**Prompt**
Below is a listing; print exactly its lines from the one containing "Emblem kann man" down to the one containing "MINI EXCAVATOR, RATO", both inclusive, with every picture left out.

**Given records**
□ □ □ □ □
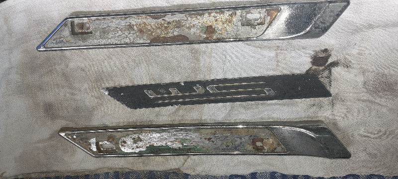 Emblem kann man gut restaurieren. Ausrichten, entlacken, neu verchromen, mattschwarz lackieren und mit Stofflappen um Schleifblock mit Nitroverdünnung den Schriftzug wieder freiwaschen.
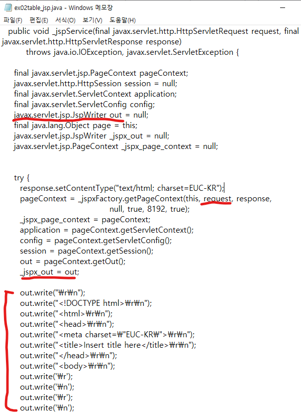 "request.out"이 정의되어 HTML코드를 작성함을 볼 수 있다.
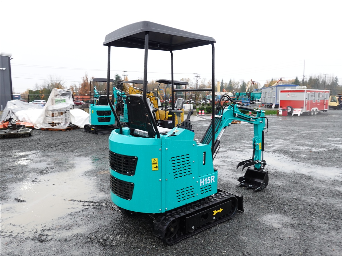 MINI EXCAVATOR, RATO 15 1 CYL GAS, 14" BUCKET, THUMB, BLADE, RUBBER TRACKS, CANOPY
□ □ □ □ □
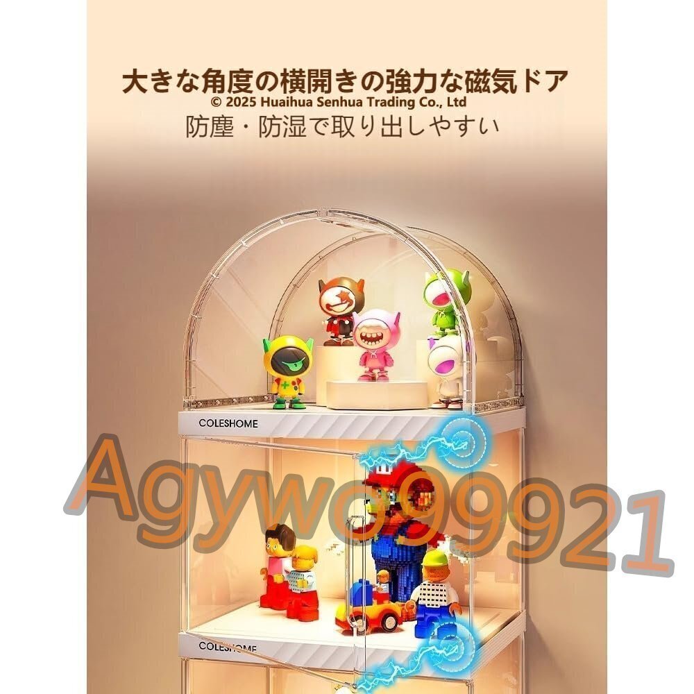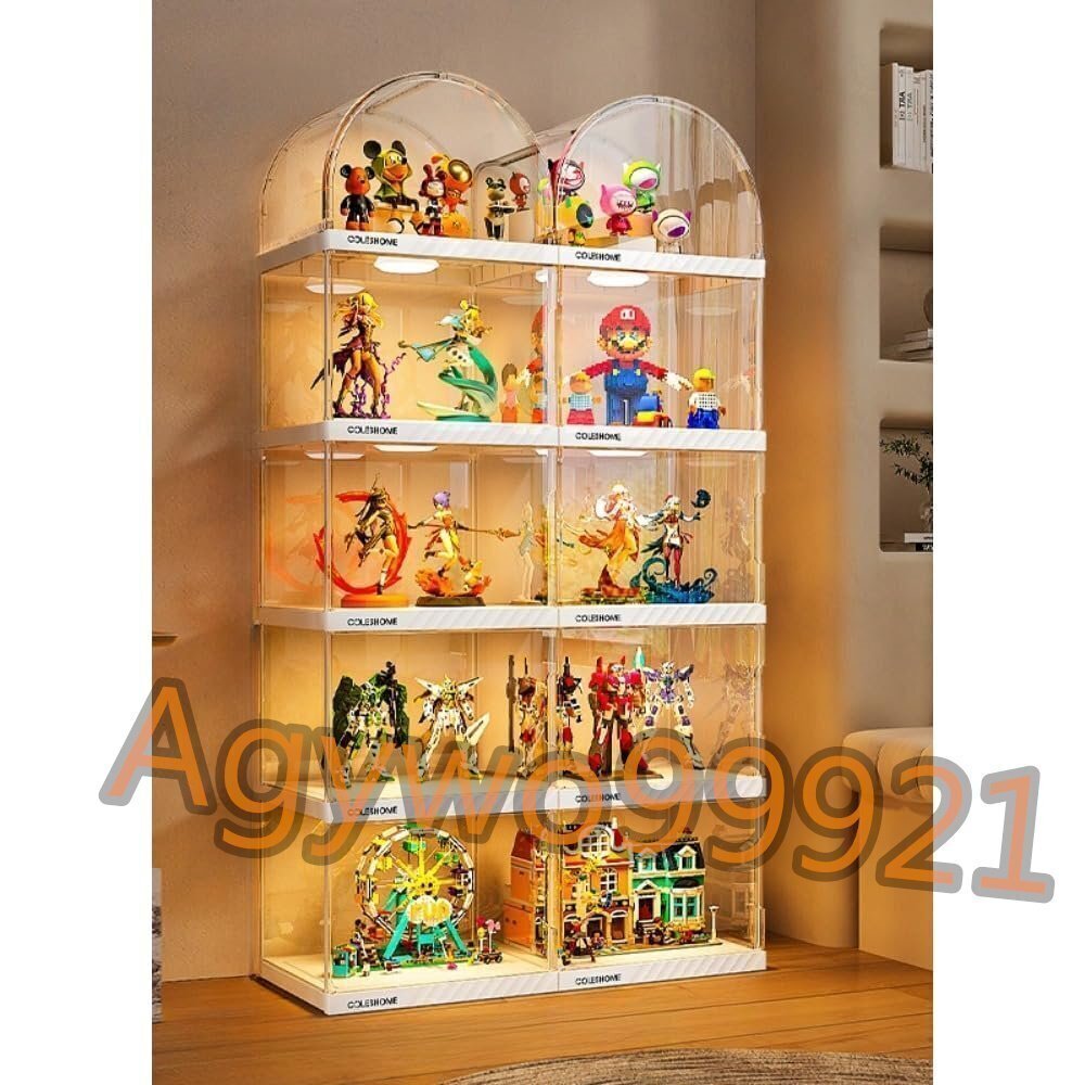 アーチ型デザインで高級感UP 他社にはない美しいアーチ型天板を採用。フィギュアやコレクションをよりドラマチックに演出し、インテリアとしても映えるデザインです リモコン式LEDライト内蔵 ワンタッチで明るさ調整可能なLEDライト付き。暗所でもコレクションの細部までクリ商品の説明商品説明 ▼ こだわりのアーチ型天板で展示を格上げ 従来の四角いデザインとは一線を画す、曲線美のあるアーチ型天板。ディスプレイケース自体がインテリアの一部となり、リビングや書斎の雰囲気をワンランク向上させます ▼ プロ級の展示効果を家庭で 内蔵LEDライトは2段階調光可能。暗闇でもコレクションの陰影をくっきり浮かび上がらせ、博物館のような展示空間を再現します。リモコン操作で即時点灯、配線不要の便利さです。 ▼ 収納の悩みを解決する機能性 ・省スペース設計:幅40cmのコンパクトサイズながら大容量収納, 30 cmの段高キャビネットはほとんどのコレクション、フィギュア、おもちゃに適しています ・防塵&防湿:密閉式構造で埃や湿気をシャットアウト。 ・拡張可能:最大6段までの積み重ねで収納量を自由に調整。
□ □ □ □ □
**Response box**
 Emblem kann man gut restaurieren. Ausrichten, entlacken, neu verchromen, mattschwarz lackieren und mit Stofflappen um Schleifblock mit Nitroverdünnung den Schriftzug wieder freiwaschen.
 "request.out"이 정의되어 HTML코드를 작성함을 볼 수 있다.
 MINI EXCAVATOR, RATO 15 1 CYL GAS, 14" BUCKET, THUMB, BLADE, RUBBER TRACKS, CANOPY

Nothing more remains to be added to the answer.